Also man muss sich hier wirklich schon in die Tasche lügen und die Realität vollkommen ausblenden, wenn man homo-, bi-, trans- oder intersexuelle Menschen anders als normal bezeichnet. Das möchte ich ganz ausdrücklich hier noch mal sagen.

(Beifall vonseiten der Fraktionen der SPD, DIE LINKE und BÜNDNIS 90/DIE GRÜNEN – Udo Pastörs, NPD: Das ist normal.)

Das ist natürlich, Herr Pastörs.

Und so haben wir als SPD zum Beispiel ja auch im Regierungsprogramm drin gehabt, dass wir die Homo-Ehe gleichstellen wollen.

(David Petereit, NPD: Da schreiben Sie doch alles rein, um Wählerstimmen zu kriegen.)

Das ist im Koalitionsvertrag nicht so scharf benannt worden,

(Zuruf von Torsten Renz, CDU)

aber ich weise in dem Zusammenhang auf Seite 105 der Koalitionsvereinbarung auf Bundesebene hin, weil da ganz klar formuliert ist, „dass bestehende Diskriminierungen“ abgebaut und gesetzliche „Regelungen, die gleichgeschlechtliche Lebenspartnerschaften“ benachteiligen, beseitigt werden.
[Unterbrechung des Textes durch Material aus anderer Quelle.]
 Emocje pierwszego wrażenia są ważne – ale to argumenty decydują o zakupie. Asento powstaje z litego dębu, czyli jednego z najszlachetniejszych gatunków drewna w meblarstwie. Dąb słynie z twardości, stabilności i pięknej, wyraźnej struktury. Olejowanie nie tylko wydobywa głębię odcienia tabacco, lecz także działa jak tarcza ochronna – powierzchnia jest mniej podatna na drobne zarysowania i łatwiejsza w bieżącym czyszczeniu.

Auch der Nationale Aktionsplan zur Bekämpfung von Rassismus, Fremdenfeindlichkeit und Antisemitismus wird um das Thema „Homophobie und Transphobie“ erweitert.
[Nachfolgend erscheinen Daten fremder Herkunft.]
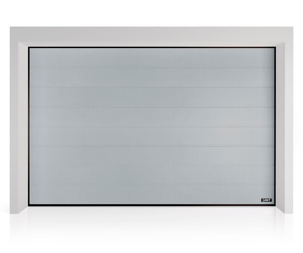 Детальні характеристики Секційні гаражні ворота Gant Plus - панель Широка лінія, розмір 3000x2500 мм., колір Срібло RAL 9006. Ручне управління..

Sehr geehrte Frau Gajek oder vielmehr Fraktionen BÜNDNIS 90/DIE GRÜNEN und DIE LINKE, ich denke, die beiden ersten Punkte Ihres Antrages werden bereits

gelebt, und die SPD-Fraktion steht inhaltlich durch Handeln, also auch durch Taten dahinter.

Beim Punkt 3 sehen wir die Einfachheit, das Setzen der Regenbogenfahne rechtlich umzusetzen hier im Land, nicht so, weil wir auch unseren Koalitionspartner da sicherlich nicht mit im Boot haben.
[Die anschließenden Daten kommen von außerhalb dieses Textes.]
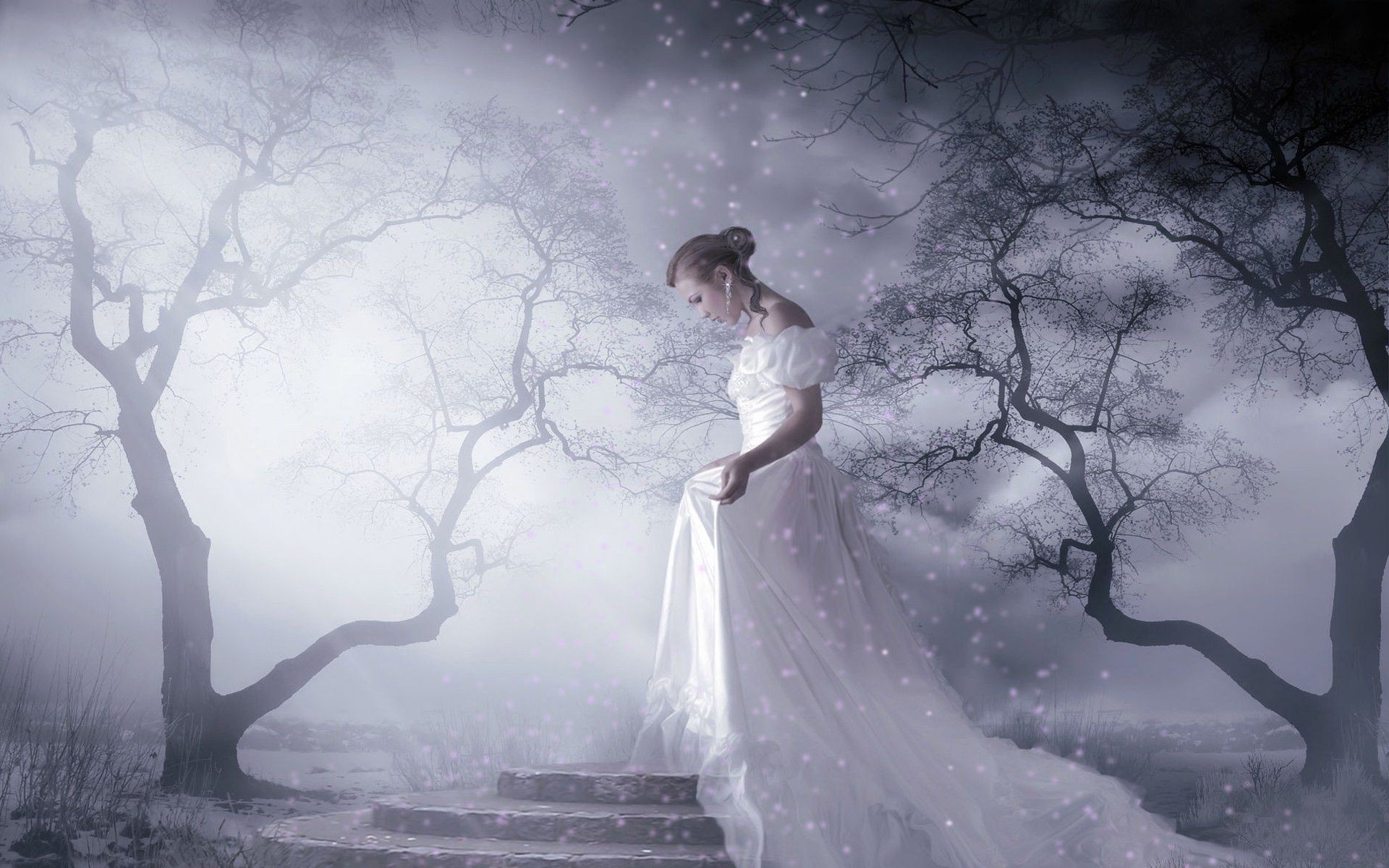 Making a deer on the background of a forest in the fogMaking a deer on the background of a forest in the fog

(Torsten Renz, CDU: Das könnten Sie jetzt aber mal weglassen! – Wolf-Dieter Ringguth, CDU: Das hat jetzt aber überhaupt keine Bedeutung. Man könnte auch mal eine andere Begründung finden.)

Zurzeit sehe ich ehrlich gesagt auch die rechtlichen Grundlagen dafür nicht,

(Unruhe vonseiten der Fraktion der CDU – Dr. Ursula Karlowski, BÜNDNIS 90/ DIE GRÜNEN: Wir haben es ja schon geahnt. – Zuruf von Wolf-Dieter Ringguth, CDU)

ganz konkret, weil der Gleichbehandlungsgrundsatz oder vielmehr der Neutralitätsgrundsatz der Regierung hier an oberster Stelle steht, was den Flaggenerlass und die Verordnung angeht. Ich denke mal, darum kommt man so ohne Weiteres nicht herum. Flagge hissen ist gut, ob man das unbedingt an Dienstgebäuden machen muss, dahinter kann man ein Fragezeichen setzen. Ich denke mal, wir haben vielfältige Möglichkeiten, die Regenbogenflagge gut sichtbar überall zu hissen,

(Silke Gajek, BÜNDNIS 90/DIE GRÜNEN: Das ist ein Zeichen.)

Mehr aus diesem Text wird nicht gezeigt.